Data below:
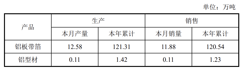 明泰铝业11月4日公告,10月铝板带箔的销量为11.88万吨,本年累计销量为120.54万吨。10月铝型材的销量为0.11万吨,本年累计销量为1.23万吨。
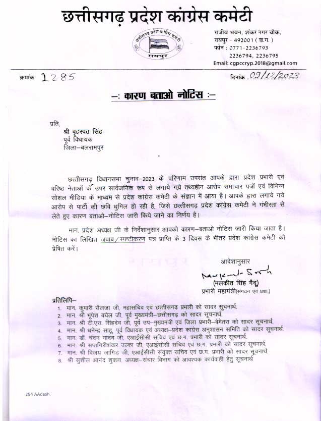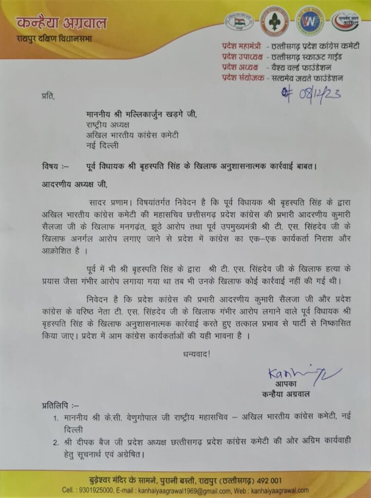 बृहस्पति सिंह पर कार्रवाई नहीं किए जाने का ही परिणाम है कि आज बृहस्पति सिंह ने कांग्रेस की राष्ट्रीय महासचिव छत्तीसगढ़ की प्रभारी कुमारी शैलजा पर भी झूठे और मनगढ़ंत गंभीर आरोप लगाए हैं ऐसे में तत्काल कार्रवाई नहीं किए जाने से अनुशासनहीनता लगातार और बढ़ेगी। कांग्रेस नेताओं ने बृहस्पति सिंह पर कार्रवाई की मांग को लेकर राष्ट्रीय अध्यक्ष श्री मल्लिकार्जुन खड़गे, राष्ट्रीय महासचिव के सी वेणुगोपाल एवं प्रदेश अध्यक्ष दीपक बैज को पत्र लिखा हैं।
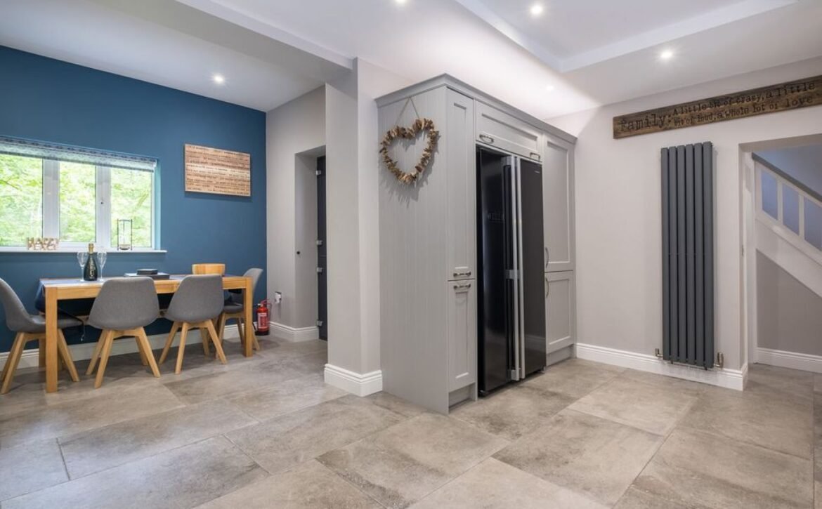 On arrival at the property, the private driveway brings you to the front door before stepping into the sleek kitchen, fit with all the amenities you need to rustle up some scrumptious meals, including a large American-style fridge/freezer and a handy dishwasher to help with the clean up after an adventurous day of exploring your surroundings.
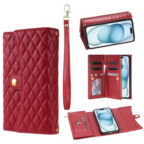Estuche para Teléfono iPhone 15 Plus Cuero Rómbico con Billetera MultiTarjeta y Cremallera (Rojo)

What you need to do:
Take the lines from the start of the listing above through the line with "On arrival at", both ends included, and copy them exactly, leaving the pictures behind.

Completed task:
 明泰铝业11月4日公告,10月铝板带箔的销量为11.88万吨,本年累计销量为120.54万吨。10月铝型材的销量为0.11万吨,本年累计销量为1.23万吨。
 बृहस्पति सिंह पर कार्रवाई नहीं किए जाने का ही परिणाम है कि आज बृहस्पति सिंह ने कांग्रेस की राष्ट्रीय महासचिव छत्तीसगढ़ की प्रभारी कुमारी शैलजा पर भी झूठे और मनगढ़ंत गंभीर आरोप लगाए हैं ऐसे में तत्काल कार्रवाई नहीं किए जाने से अनुशासनहीनता लगातार और बढ़ेगी। कांग्रेस नेताओं ने बृहस्पति सिंह पर कार्रवाई की मांग को लेकर राष्ट्रीय अध्यक्ष श्री मल्लिकार्जुन खड़गे, राष्ट्रीय महासचिव के सी वेणुगोपाल एवं प्रदेश अध्यक्ष दीपक बैज को पत्र लिखा हैं।
 On arrival at the property, the private driveway brings you to the front door before stepping into the sleek kitchen, fit with all the amenities you need to rustle up some scrumptious meals, including a large American-style fridge/freezer and a handy dishwasher to help with the clean up after an adventurous day of exploring your surroundings.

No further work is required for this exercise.